I built it by hand over a weekend. Before the server accepts a form submission, the browser has to solve a small computational puzzle. A hash challenge running in a Web Worker so it wouldn't block the UI. The server generates a challenge, the client computes the answer, the server verifies it before processing the form. Nothing fancy. Rust on the backend, a bit of JavaScript on the front.
It worked. The spam dropped off. Postmark was happy. I moved on.
That could have been the end of the story.
The Descent
A few months later I came back to the problem. Not because the proof of work stopped working. It's still working fine. I came back because I'm helping my wife get her site off Squarespace and she needs a contact form. That means bot protection. So what if I extracted the bot protection from ZWT and put it into its own reusable service?
That's where things escalated.
Before AI, a "weekend project" for me was: implement a proof-of-work challenge on a login form. Research the approach, write the hash function, wire up the Web Worker, build the server verification, test it, ship it. A focused, self-contained piece of work.
After AI, a "weekend project" is: multiple challenge algorithms, a broker that selects the right one based on risk signals, dynamic difficulty scaling, behavioural analysis. You're halfway to accidentally reinventing Cloudflare.
Over-engineering used to be self-limiting because building things took time. You'd think "what if I added dynamic difficulty scaling?" and then you'd put it on the ever-growing list of things to maybe get to later. That brake is gone. With Claude Code, every one of those ideas is achievable in the time it used to take to build just one.
And "weekend" is generous too. It's really a few hours here and there, squeezed in when I find time.

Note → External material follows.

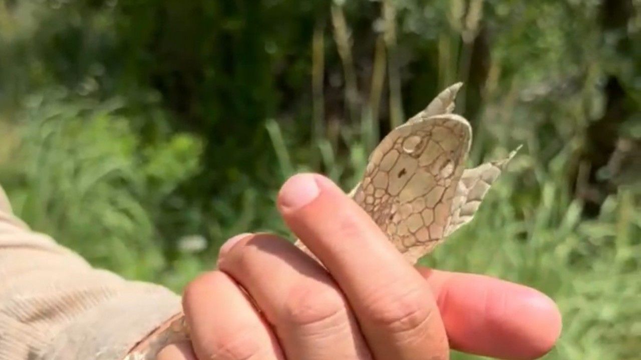 Her hafta olduğu gibi Hakkari ve ilçelerinin tanıtımına katkı sağlayan öğretmen Ümit Bartın, bu hafta Irak sınırında bulunan Dağlıca köyünü gezdi. Bölgenin zorlu ve eşsiz doğasında yürüyüş yaptığı sırada dikkat çekici bir bulguya imza attı. Doğaya olan tutkusu ve gözlem yeteneğiyle tanınan Bartın, tamamen bozulmamış, Türkiye’nin en zehirli yılan türlerinden birine ait olduğu tahmin edilen bir yılan derisiyle karşılaştı. Bartın’ın bu keşfi, bölgedeki yaban hayatının çeşitliliğine dikkat çekti.
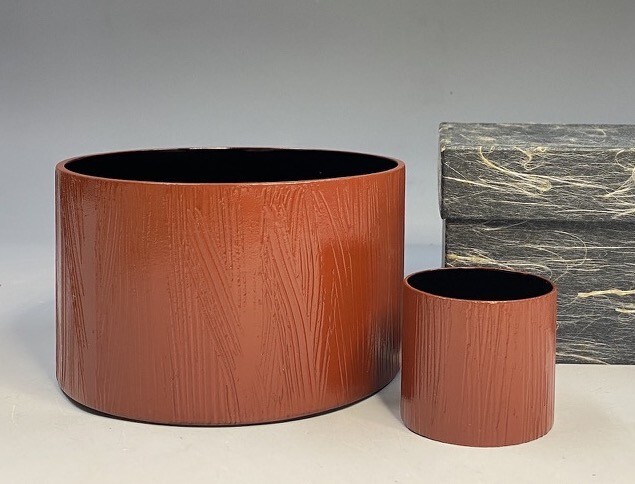 - 《2点セット 》「曲建水 蓋置」 茶道具 建水 蓋置 まとめ 朱塗 筋文 木製漆器 漆芸 紙箱 2676-6500

The answer isn't to resist every impulse to overengineer. Some of that expanded scope is genuinely good. The challenge broker is real architecture that solves a real problem. Dynamic difficulty is good protection.
Being Honest
Zero Waste Tickets doesn't get enough traffic to justify any of this. The original proof of work solved the problem.
The Postmark incident was real. The learning was real. The increased potential is real. But so is the cognitive load. Every "what if" that the AI makes achievable is another thing to evaluate, review, and maintain. The temptation to overengineer isn't free. It takes mental energy to resist it, and more energy when you don't.
A recent HBR article by Ranganathan and Ye, "AI Doesn't Reduce WorkâIt Intensifies It", found exactly this. They studied 200 employees at a tech company over eight months. Nobody was asked to do more. But with AI tools available, they voluntarily expanded their own workloads. The researchers described "a sense of always juggling, even as the work felt productive." That's the feeling.
I had a realisation recently while in a supermarket. There was one person on the old-style tills, scanning items, chatting to people, making the experience human. And there was one person on the self-scan checkouts dealing with twelve tills at once, running from one to the next, helping frustrated customers whose machines weren't working, in constant demand. That's what coding with AI agents is like. You're not doing less. You're supervising more, across more fronts, with less downtime between decisions. Except nobody made you move to the self-scan area. You walked over there yourself, because the machines looked faster.
Development hasn't really gotten any easier with AI. It's got more intense.